Я мысленно снял шапку и поклонился перед Карлом Ивановичем. Одно письмо. Два часа на морозе вместо неделей обивания порогов. В этом веке (да и в моем бывшем тоже) связи — это валюта твёрже алмазов.
Мы поднялись по ступеням. Подьячий семенил впереди, поминутно оглядываясь на Бугая, словно боялся, что тот откусит кусок от перил.
Внутри приказа пахло специфически. Это был запах власти. Смесь горелого воска, прогорклых чернил, старой бумаги, пыли и… сушёной рыбы. Видимо, кто-то из писарей перекусывал прямо на рабочем месте.
Тесные коридоры, низкие своды. Вдоль стен — бесконечные полки, забитые свитками.

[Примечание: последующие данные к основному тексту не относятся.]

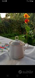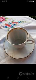 12 tazze piattini con teiera lattiera e zuccheriera ceramica Bavaria bianco bordi oro, mai usato, ritiro a domicilio in provincia Bergamo

Я шёл и смотрел на эти свитки. Каждый из них — чья-то боль. Чья-то просьба. «Дайте хлеба». «Защитите от соседа». «Выделите порох». Тысячи голосов, замолкших в бумаге, ожидающих, когда на них упадет августейший взгляд. Или взгляд дьяка.

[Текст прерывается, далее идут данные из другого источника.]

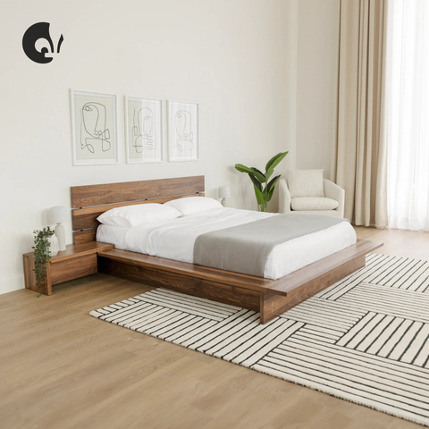 Toute de noyer massif naturel au fini lisse, nous pouvons affirmer avec certitude que la robustesse de notre base de lit Estérel est sans égal! Ses lignes pures, ainsi que la couleur et le grain sinueux du noyer lui permettent de s'adapter à tout type de décor!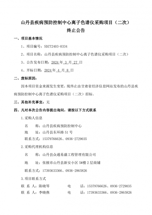 山丹县疾病预防控制中心离子色谱仪采购项目(二次)终止公告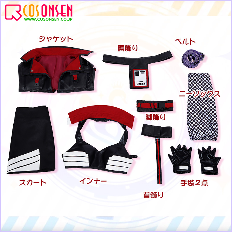 ジャケット、インナー、スカート、飾り物(首飾り、腰飾り、ベルト、手袋2点、脚飾り、ニーソックス)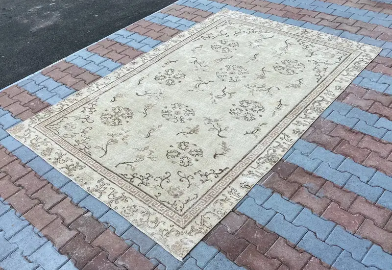 Eleganter beige-brauner Blumenteppich, 180 x 270 cm, schickes Dekor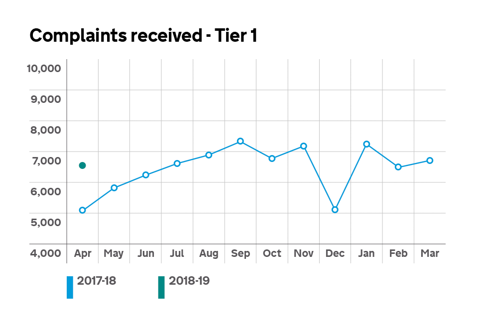 Graph showing the number of Tier 1 complaints received.

Подьячий привел нас к дубовой двери. Постучал костяшкой пальца — тихо, подобострастно.
— Войдите! — донесся изнутри сухой, скрипучий голос.
Мы вошли.
Палата была небольшой, жарко натопленной. В углу пылала изразцовая печь. Окна со слюдой пропускали мало света, поэтому на столе горели толстые восковые свечи в массивном шандале.
За столом, заваленным ворохом бумаг, сидел он. Ларион Афанасьевич.
Фон Визин не соврал. Дьяк выглядел так, будто его вырезали из морёного дуба и забыли покрыть лаком. Сухое лицо, глубокие морщины, кустистые седые брови, из-под которых буравили мир колючие, умные глаза. И очки, съехавшие на кончик носа — большие, в тяжёлой оправе, с толстыми стёклами. Натуральный профессор. Одет он был просто — в тёмный кафтан, без золота и побрякушек.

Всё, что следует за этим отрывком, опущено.